For Lyons’s part, he was on the same page as Teodoro in terms of wanting to see Applied Silence in general and Screen Door in particular come to be.

“We talked about making a piece where the music wasn’t subordinate or background and not necessarily polite to the script,” Lyons tells Stir by phone. “He has a pretty diverse musical taste, and I knew that there was something that he had in mind when he was writing and developing the script, that he had sonic touchstones. I said I didn’t want to hear them or hear about them, so we locked that away….He also trusted and allowed for the idea that I didn’t want to proceed from that kind of framework, because you’re either imitating something or you’re trying not to imitate something.” He adds with a laugh: “We all know how the Ray Parker Jr. and Ghostbusters theme worked out, and I don’t want to get embroiled in something like that!”

Lyons describes Screen Door’s musical modes as ranging from frenetic, with gently controlled chaos, to ambient, expansive, and somewhat delicate “with a bit of dark wonder”, and beyond.

“It feels kind of rare for someone that’s developed a script to have such an openness to interpretation,” Lyons says. “Another thing I like about Applied Silence is that over the last little while I’ve had a little bit of trouble finishing things.
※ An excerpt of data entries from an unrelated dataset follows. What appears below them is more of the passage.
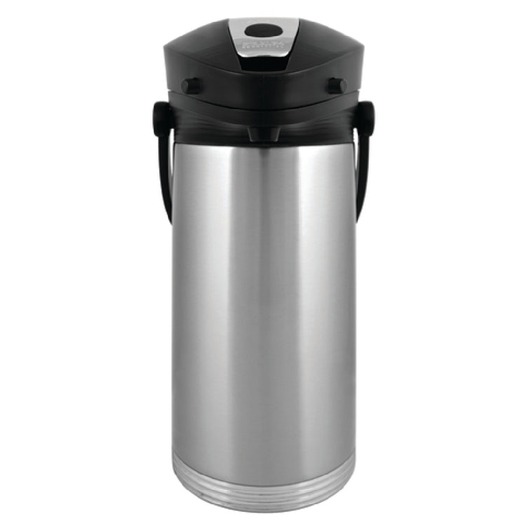 Service Ideas, 10-00189-000, Stanley® Commercial ErgoServe® Airpot, 3 liter (101.4 oz.), 6-1/2" x 8-1/2" x 15", retention: 4-6 hours, stainless steel liner, lever style, black lid, zinc die-cast lever, ergonomic carry handle, Ferrostat™ vacuum insulated, hand wash (do not submerge), 18/8 stainless steel, brushed finish, NSF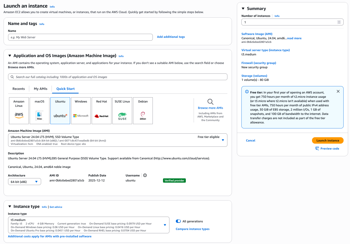 Instance type: t3.medium (您也可以选择苹果实例:mac2.metal)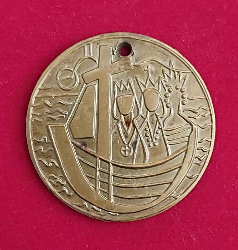 Almanya, Köln Uygulamalı Sanatlar Okulları Tarafından Verilen Hatıra AR Madalyonu. Çağdaş Kilise Sanatı Roma 1961/Köln. Aziz Ursula ve Papa Cyriacus'u Tasvir Etmektedir. Madalyon Sonradan Delinerek Kolye Olarak Kullanılmış. Çok Güzel Tasarımlı ve Çok Çok Nadir. Bronz/Gümüş Kaplama. (17,30 gr/37 mm), 15 gün önce satışa sunulmuştur.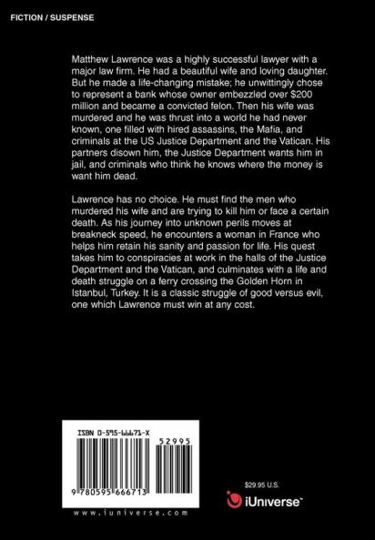 Matthew Lawrence was a highly successful lawyer with a major law firm. He had a beautiful wife and loving daughter. But he made a life-changing mistake; he chose to represent a bank whose owner embezzled over $200 million and became a convicted felon. Then his wife was murdered and he was thrust into a world he had never known one filled with hired assassins the Mafia and criminals at the US Justice Department and the Vatican. His partners disown him the Justice Department wants him in jail and criminals who think he knows where the money is want him dead.</p><p>Lawrence has no choice. He must find and kill the men who murdered his wife and are trying to kill him or face a certain death. As his journey into unknown perils moves at breakneck speed he encounters a woman in France who helps him retain his sanity and passion for life. His quest takes him to conspiracies at work in the halls of the Justice Department and the Vatican and culminates with a life and death struggle on a ferry crossing the Golden Horn in Istanbul Turkey. It is a classic struggle of good versus evil one which Lawrence must win at any cost.</p>

José is a good buddy for saying ‘Okay, let’s do this.’”

Pi Theatre executive director Richard Wolfe was keen to present the genre-bending work for a few reasons. For one, it fits with the Pi Provocateurs series, which, since 2016, has been creating opportunities for Canadian artists looking to push the boundaries of theatre. For another, having known both artists for quite a while, he was excited to support their new interdisciplinary company.

“I’ve worked with Stephen a few times, and of course I’m a big fan of his band Fond of Tigers,” Wolfe tells Stir. “I’ve also been reading José’s writing for some time and am taken by the depth and beauty of it. The Screen Door project was designed as a digital audio piece, but José and Stephen, being the fearless types that they are, agreed to doing a one-night-only live performance as part of Pi Provocateurs. If all that weren’t enough, the other musicians and actors, who will be onstage with them at the St. James Hall on Friday, are extraordinary.”